= Kaya Kalp Vriksh =

Biodiversity heritage site in Fatehgarh Sahib, Punjab

Kaya Kalp Vriksh or Great Banyan Tree is a Biodiversity Heritage Site in Fatehgarh Sahib, Punjab, India. It became the first biodiversity heritage site of the state on 16 December 2021. The tree spans over 3.5 acres of land and is about 300 years old. For the conservation and management of the site Punjab Biodiversity Board (PBB) confirmed the scheme under Section 37 of the Biological Diversity Act (BDA), 2002, and also list it as a Biodiversity Heritage Site (BHS).

The surrounding area has a diverse variety of plants and animals which include birds like peacocks, owls, many species of reptiles like snake, monitor lizards, garden lizards, insects, arthropods, millipedes, nematodes. Plant division like bryophytes. Fungi, algae, lichens, epiphytes are also present in abundance and different varieties. There is also a documentary made about the tree which was shown as a part of a TV series by a Paris-based production house Camera Lucida. The documentary is 'Tree Stories: Most Remarkable Trees of the World'.

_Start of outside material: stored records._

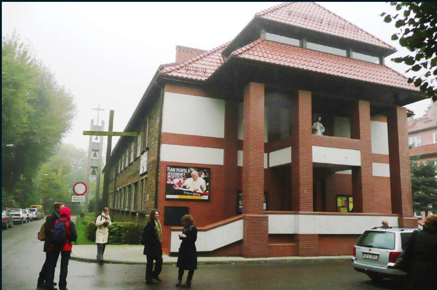
Katolieke kapel in Auschwitz/Oświęcim, 2008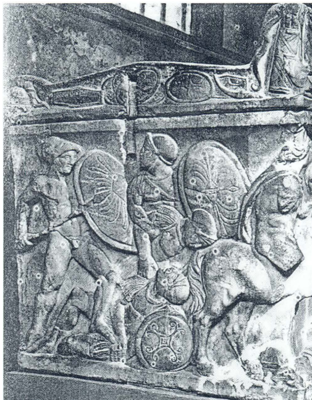
Atički sarkofag iz Istanbula, lijeva bočna strana

Ako precrtamo isječak navedene reljefne kompozicije s bočne strane carigradskog sarkofaga što sadržajem odgovara rapskom i okrenemo ga naopako, mislim da postaje očevidno kako je rapski fragment najvjerojatnije dio jedne veoma slične kompozicije. Logično je, međutim, pretpostaviti - s obzirom na suprotan smjer radnje - da je na rapskom sarkofagu ovaj prizor bio na desnoj ili na prednjoj strani sarkofaga. 14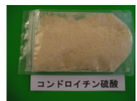
コンドロイチン硫酸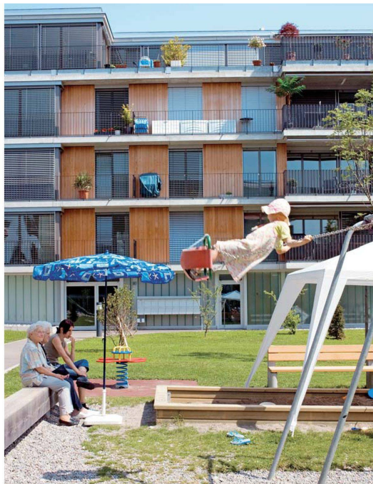
Genossenschaftlich wohnen einst und jetzt. Die Zeiten haben sich geändert, doch genossenschaftliche Werte wie Nachbarschaftlichkeit sind nach wie vor wichtig. Im Bild eine historische Aufnahme der Siedlung Burriweg (Baufreunde) sowie die 2004 erstellte Siedlung Steinacker (ASIG).

Genossenschaftlich wohnen – eine Philosophie?

The tree also has a local lore behind it, from Sirhind side on the Sher Shah Suri Marg a left turn from the Marg beside Sarai Banjara Village, from there it is about 8 km or a link road from interior has to be taken for reaching the site of the tree. The lore is that no-one until now has been able to stop the indefinite growth of the tree. It is said that whoever in the past tried to stop the growth of the tree has had mishaps and bad luck. The foliage and timber of the tree are also considered to be antagonistic. As the tree stands between private owned lands, the surrounding land owners also do not have the courage cut any part of the tree which may grow in and spread on their land.